TEXTE > Michel Cleeren (photographe)
Texte pour l’exposition « Patience » (à venir)
121 jours (Latitude N 50°32’51” Longitude E 05°11’10”), 197 jours (Latitude N 50°32’42” Longitude E 05°12’57”), 121 jours (Latitude N 48°50’03” Longitude E 03°00’10”), 187 jours (Latitude N 56°17’09” Longitude W 04°39’29”), 136 jours (Latitude N 50°25’39” Longitude E 05°49’32”), …, 3, 4 mois, 6 mois et plus, le calendrier s’effeuille, le temps s’écoule, imperceptible. Presque.

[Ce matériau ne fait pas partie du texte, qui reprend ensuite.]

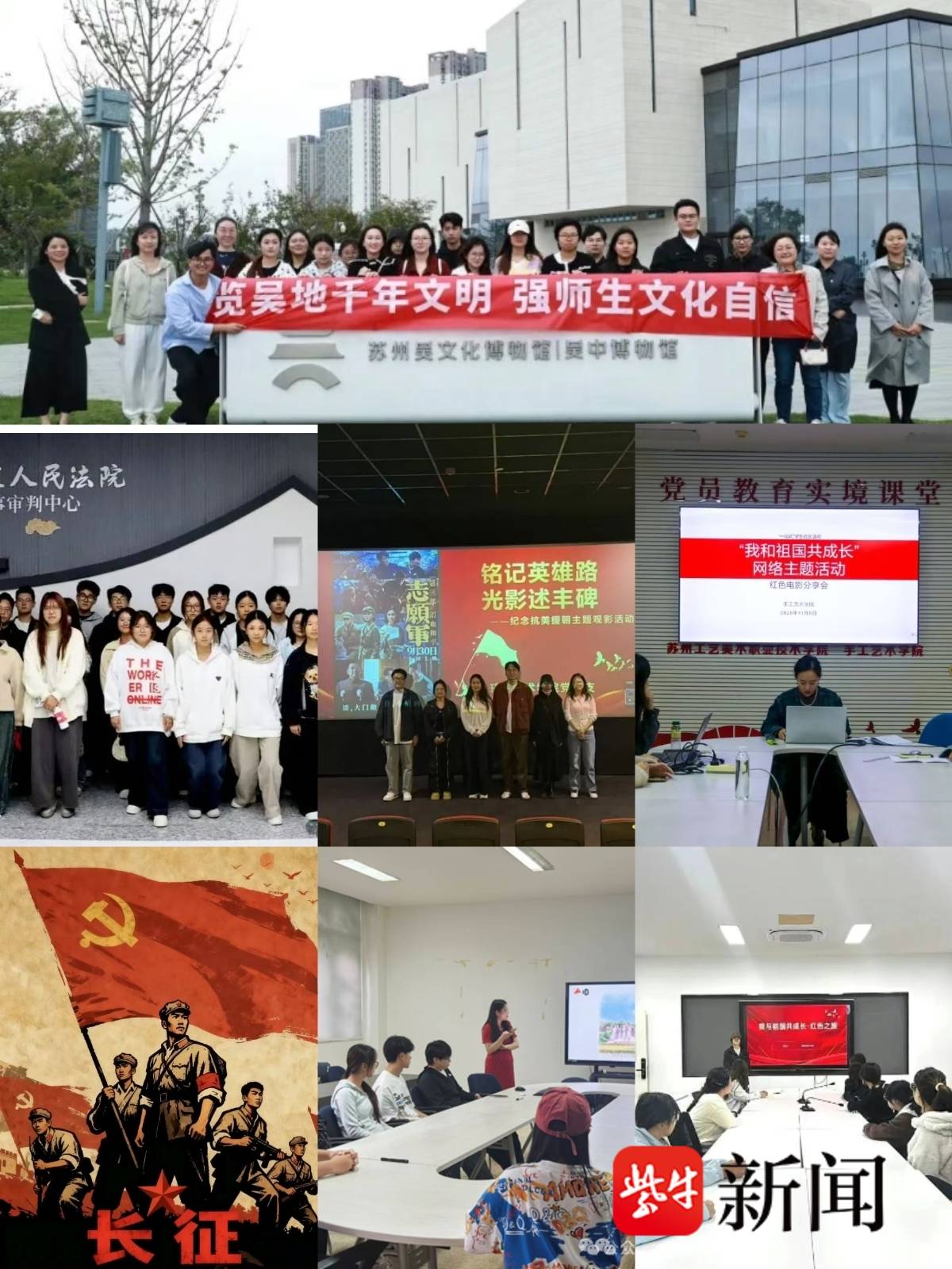 视觉传达学院组织学子走进吴文化博物馆、宝带桥等文化地标,触摸历史脉络,感悟文明传承;环境艺术学院举办主题观影与研讨活动,为师生党员带来深刻的精神洗礼;服装设计学院创新开展“沉浸式”法治实践活动,带领师生走进吴中区人民法院,在实践中提升法治意识与爱国情怀。美术学院学子以创意作品重温红色记忆,工业设计学院与数字艺术学院则通过红色故事分享、研学实践等形式,引导青年学子传承革命传统、勇担时代使命。
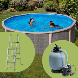 El modelo de piscina Fusion Pool circular incorpora una escalera de 3 x 3 peldaños de PVC reforzado de seguridad con una plataforma superior (impide el acceso a los menores dando la opción de retirar los peldaños de la parte exterior de la piscina). Este modelo también dispone de un sistema de depuración compacto y completo por filtro de arena (6m3/h) y bomba autocebante de filtración. Dispone de todas las tuberías, conexiones y carga filtrante de arena de silicio.
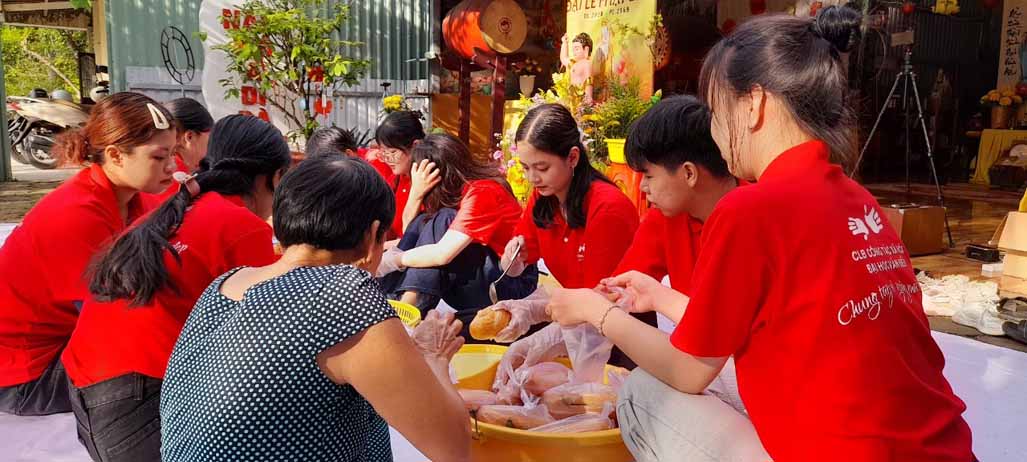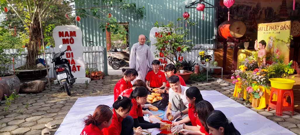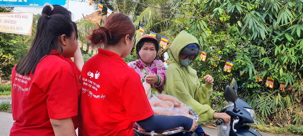 Bên cạnh đó, những phần bánh mì chay nghĩa tình cũng được trao tận tay cho người dân và người đi đường – một hành động nhỏ nhưng chứa đựng giá trị lớn về lòng từ bi. Ông Phạm Văn Bắc – Chủ tịch Hội Khuyến học xã Mỹ An đã đến tham dự và khích lệ tinh thần thiện nguyện. Tổng kinh phí cho chương trình buổi sáng được ghi nhận gần 13 triệu đồng, đến từ sự đóng góp của chư Phật tử và quý mạnh thường quân.
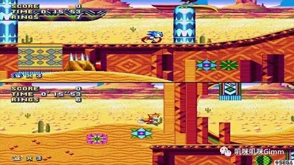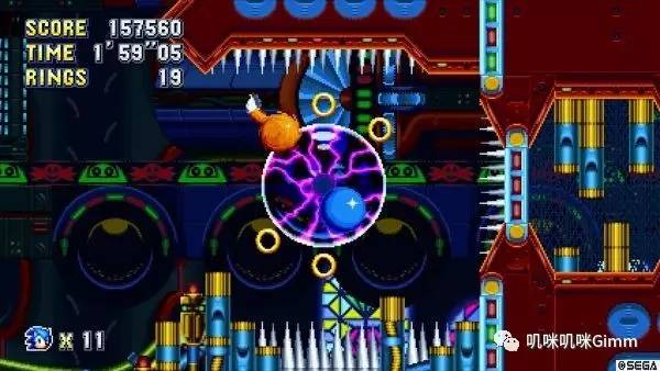 你会发现,从《刺猬索尼克3》来的化学植物区的前身里,出现了可供充能的电子显示器,还有泡沫盾牌等道具,它们可以让你摆脱窒息的威胁。逃生路线的所有部分都已经被调整、重新排列,并用新的道具重新设定:例如凝胶槽,你可以通过跳上巨大的注射器来使它们硬化成弹跳垫,就连游戏中的大BOSS们也已经完全重新被设计了。
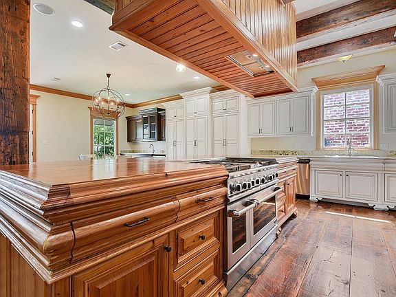 Welcome home! When you walk in the door you will immediately notice the gorgeous wooden & ironwork doors throughout the foyer and the custom brick focal point in the dining room. The kitchen is open to the keeping room and living room featuring a massive island, gourmet appliances, granite countertops and ample cabinet storage space. The master bedroom features soaring ceilings, an ensuite bathroom with his/hers vanities, custom shower and even a space for a beverage refrigerator to enjoy a cocktail while soaking in the garden tub before entering the jaw dropping master closet. Downstairs you'll find a bonus space that can be used as a gym, office or nursery as it's connected to the master suite via the master closet. Upstairs features 2 additional bedrooms, another full bathroom and a fabulous bonus room with a massive balcony overlooking the pool. Outside there is a huge patio/outdoor kitchen for entertaining that sits next to the pool complete with a tanning ledge and separate spa overlooking the pond and golf course. Bonus: Home has a 2-story wine room and a hidden panic room. Call today for a private showing!
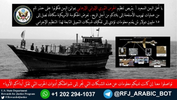 أعلنت الخارجية الأمريكية، اليوم الخميس، عن مكافأة تصل إلى" 15 مليون دولار" لمن يقدم معلومات تؤدي إلى تفكيك شبكات التهريب والتمويل التابعة للحرس الثوري الإيراني في اليمن.
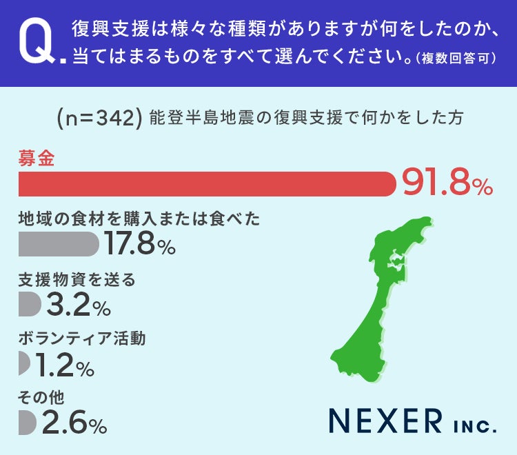 34.2%と3割以上の方が「能登半島地震の復興支援をした」と回答しています。
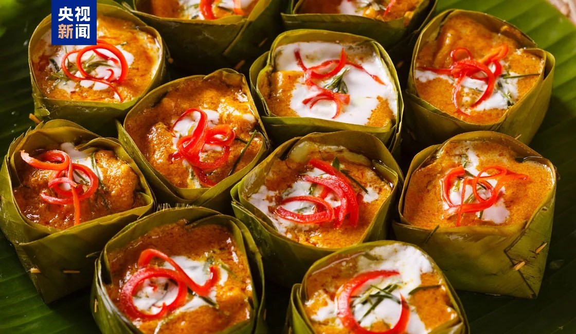 國菜阿莫克魚(Amok)用椰奶咖喱蒸魚,再用香蕉葉包裹,香氣四溢。
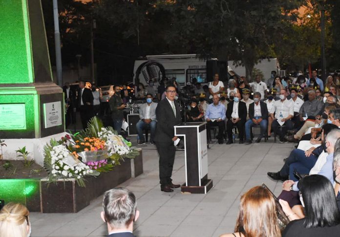 Locales | El intendente capitalino encabezó el acto principal por el aniversario 144 de Resistencia, que fue llevado a cabo en el Monolito ubicado en la avenida Ávalos al 1000, y que contó con la actuación de la Banda Municipal “Luis Omobono Gusberti”, también se colocaron ofrendas florales al pie de la escultura para recordar a los primeros inmigrantes friulanos que llegaron y compartieron tierras con los pueblos originarios.
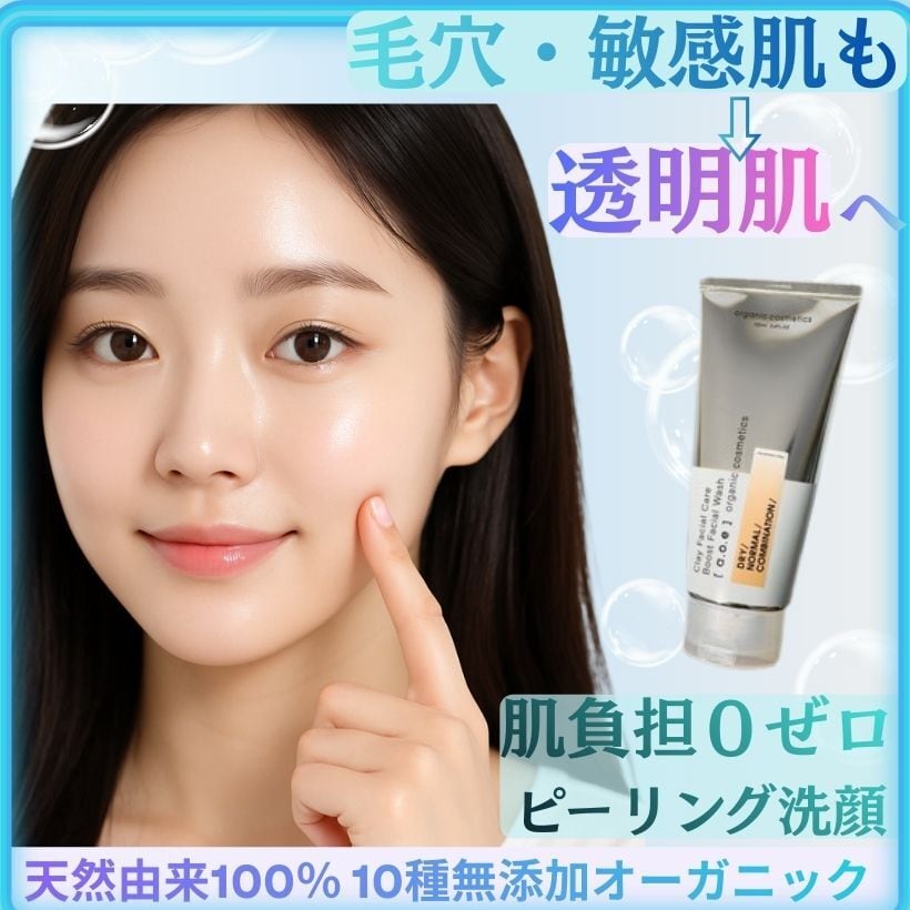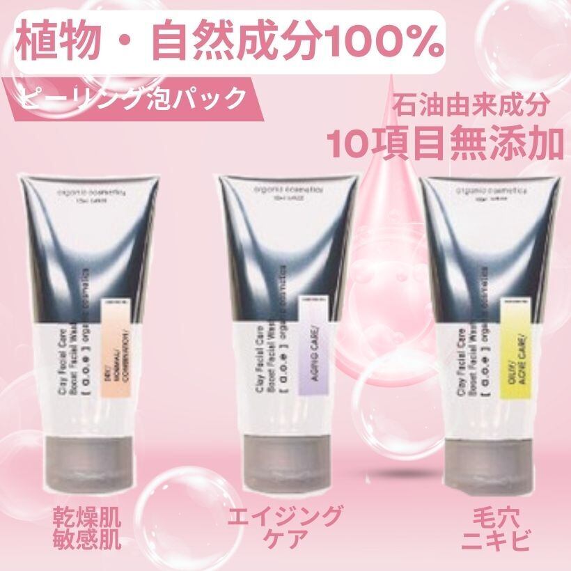日本製 無添加で敏感肌も毛穴肌もOK ピーリング洗顔 泡パック クレイ 泡洗顔で透明感の肌へ 100g 肌に優しい洗顔料 a.o.e organic cosmetics
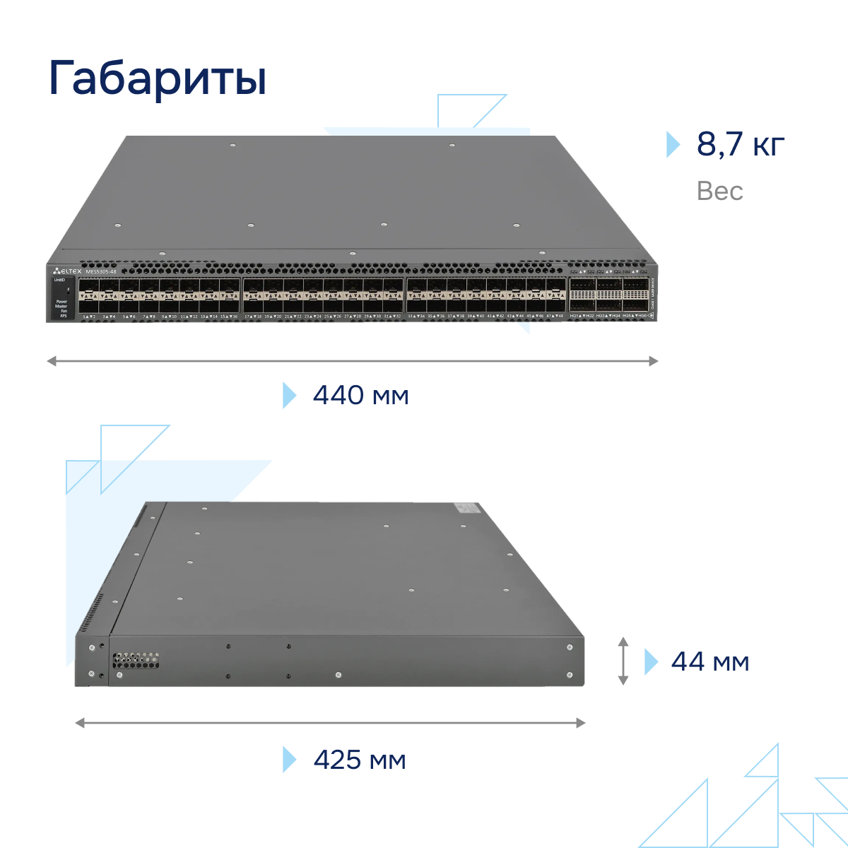 MES5305-48 - коммутатор уровня L3, что делает его идеальным выбором для сетей с большим количеством подсетей и компьютеров. Он способен обрабатывать IP-пакеты и принимать решения о маршрутизации данных, оптимизируя процесс коммутации и обеспечивая высокую скорость передачи.
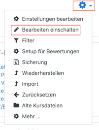 Auf den gewünschten Kurs klicken, um in den Kursraum zu gelangen, dort Bearbeiten einschalten
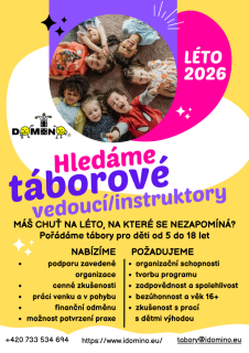 Hledáme mezi nás oddílové vedoucí, což jsou vedoucí, kteří mají na starost oddíl dětí, dále táborové vedoucí, kteří nám pomáhají například s přípravou...

C’est sur ce mot que se joue le travail de Michel Cleeren. Presque - formé de près et de que - s’apparente étymologiquement à empreindre : “ marquer la forme d’un corps dur sur une matière plus souple “. Ses photographies sont le témoignage des infimes changements du temps passé qui s’imprime sur les choses, comme d’ailleurs sur les gens, leurs visages et leur peau, comme sur l’écorce des arbres, sur la surface de la roche, dans la profondeur du ciel. Les traces du temps qui ne cessent de se produire sous nos yeux, mais qu’on ne voit pas. Il nous faut prendre la distance, un recul nécessaire, pour remarquer ce que François Jullien nomme les transformations silencieuses qui relatent le vécu des choses, le vécu des gens. Ces photographies nous content donc la vie, celle qui a eu lieu durant un certain moment en un endroit bien précis. Mais qu’on ne s’y trompe pas. Il s’agit avant tout d’autobiographies nées dans la contemplation de l’instant pour se terminer lorsque la patience aura assez duré. Car il faut laisser du temps au temps pour que l’histoire s’écrive ; tout - peu en vérité - ne se fait en un jour. Déjà, une saison suffit pour que le temps se fasse sentir. Il patine délicatement ou, au contraire, ride le papier posé au pied de l’arbre immortalisé. Il altère, colore le tirage monochrome d’un oxyde transporté par le vent et la pluie, incrustant, dans l’intervalle, des sédiments ambiants. Inévitablement, et plus que tout, le temps manifeste sa présence. Seulement en gâtant, il magnifie. Il donne du relief à l’histoire, apporte de la profondeur. Oui, il y a ici quelque chose à découvrir, quelque chose qui suscite l’intérêt et invite à l’arrêt.
Michel Cleeren nous livre ainsi sa patience de conter, en vers et contre tout. D’escales et d’errances, proches ou lointaines, il ramène des récits radioscopés de la nature, transfigure le monde qui l’entoure, façonne des paysages où apparaissent les transformations patentes passées pourtant sous silence. Ensuite, alors, sur les épreuves affichées là sous nos yeux, de cette âme qui croit-on s’expose, à nous d’y lire ce que chacun veut bien en déduire. Les grattes, les empreintes, les souvenirs ; la sérénité ou les tourments ; la solitude de la fuite ou du repli ; le romantisme de la mélancolie, l’observation du flâneur,… mais il reste à parier que d’aucun ne pourra s’y aisément détacher son regard de la beauté qui émane de ce temps capturé.